**Dataset content:**

—————

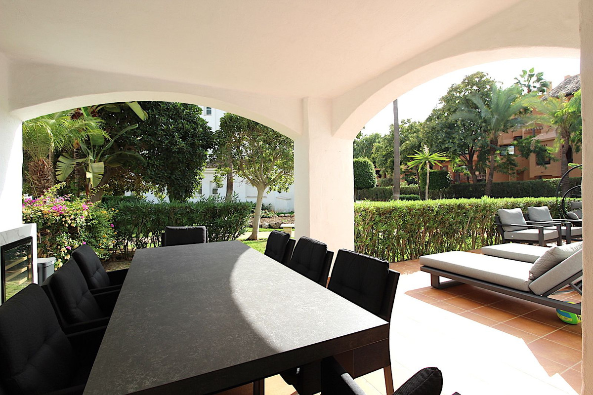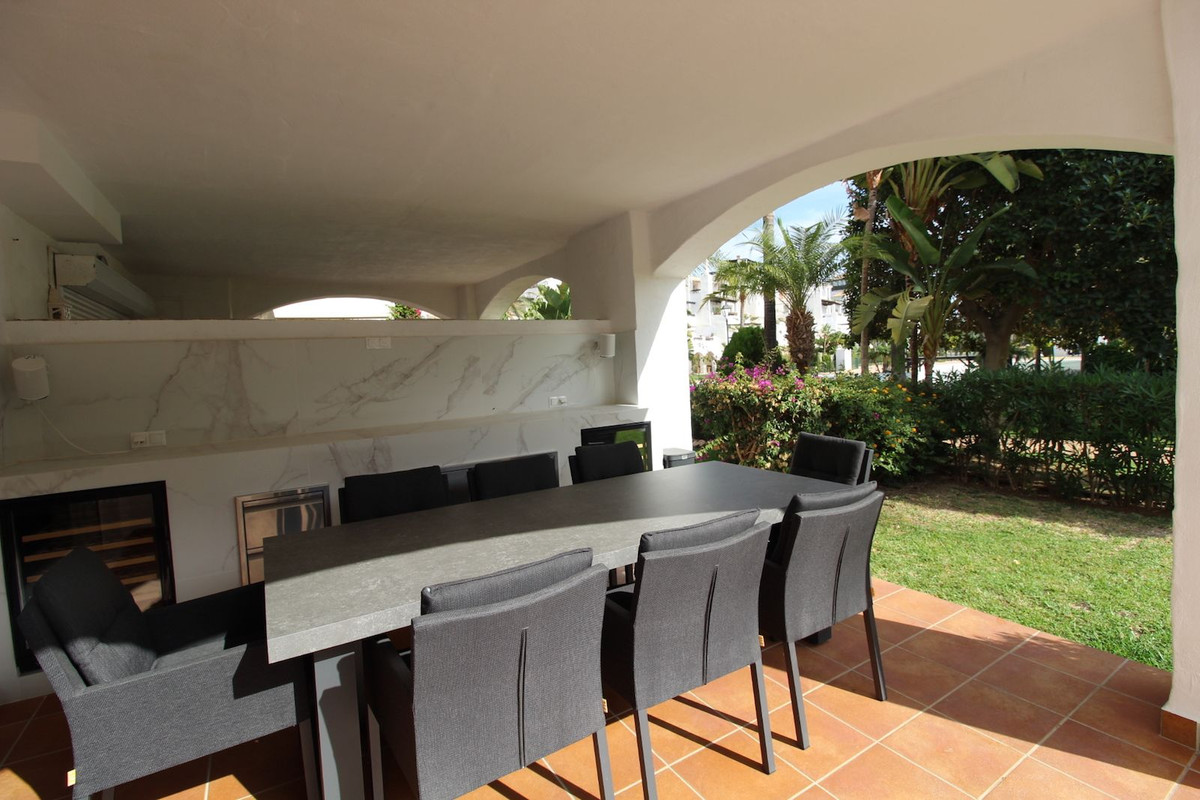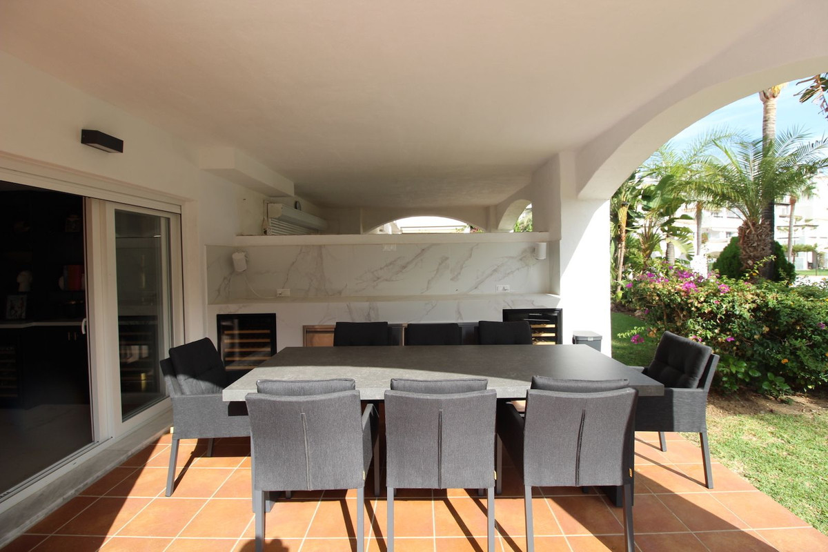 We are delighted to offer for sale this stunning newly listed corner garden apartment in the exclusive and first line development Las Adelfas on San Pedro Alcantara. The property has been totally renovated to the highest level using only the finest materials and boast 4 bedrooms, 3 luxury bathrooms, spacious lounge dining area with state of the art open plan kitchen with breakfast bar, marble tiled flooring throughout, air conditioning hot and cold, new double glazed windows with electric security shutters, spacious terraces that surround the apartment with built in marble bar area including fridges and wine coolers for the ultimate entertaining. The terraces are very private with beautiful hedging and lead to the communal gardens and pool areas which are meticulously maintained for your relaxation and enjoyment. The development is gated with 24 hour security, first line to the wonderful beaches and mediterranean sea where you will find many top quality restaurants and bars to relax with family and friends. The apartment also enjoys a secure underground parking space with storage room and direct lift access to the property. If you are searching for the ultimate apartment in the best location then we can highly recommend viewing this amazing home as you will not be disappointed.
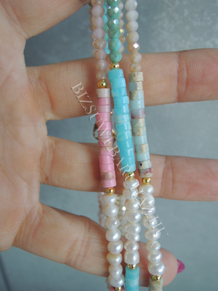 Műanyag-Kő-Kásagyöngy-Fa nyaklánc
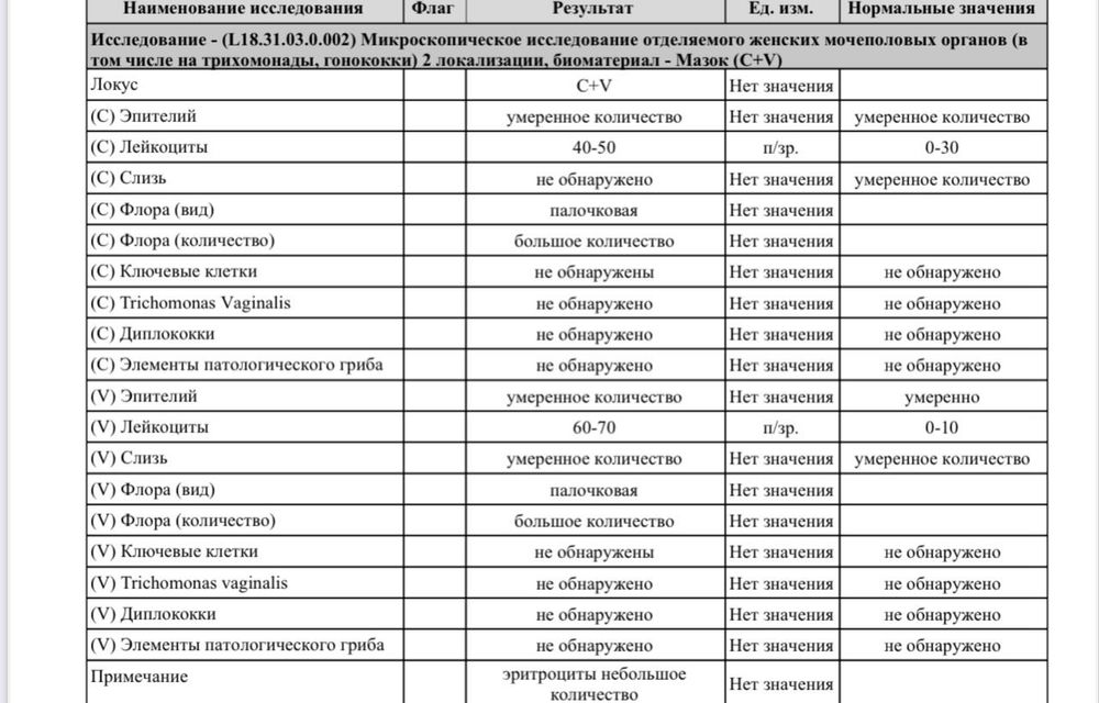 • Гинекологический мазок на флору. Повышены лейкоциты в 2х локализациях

—————

**Required action:** Please return all of the material above exactly, minus any pictures.

**Your response:**
 We are delighted to offer for sale this stunning newly listed corner garden apartment in the exclusive and first line development Las Adelfas on San Pedro Alcantara. The property has been totally renovated to the highest level using only the finest materials and boast 4 bedrooms, 3 luxury bathrooms, spacious lounge dining area with state of the art open plan kitchen with breakfast bar, marble tiled flooring throughout, air conditioning hot and cold, new double glazed windows with electric security shutters, spacious terraces that surround the apartment with built in marble bar area including fridges and wine coolers for the ultimate entertaining. The terraces are very private with beautiful hedging and lead to the communal gardens and pool areas which are meticulously maintained for your relaxation and enjoyment. The development is gated with 24 hour security, first line to the wonderful beaches and mediterranean sea where you will find many top quality restaurants and bars to relax with family and friends. The apartment also enjoys a secure underground parking space with storage room and direct lift access to the property. If you are searching for the ultimate apartment in the best location then we can highly recommend viewing this amazing home as you will not be disappointed.
 Műanyag-Kő-Kásagyöngy-Fa nyaklánc
 • Гинекологический мазок на флору. Повышены лейкоциты в 2х локализациях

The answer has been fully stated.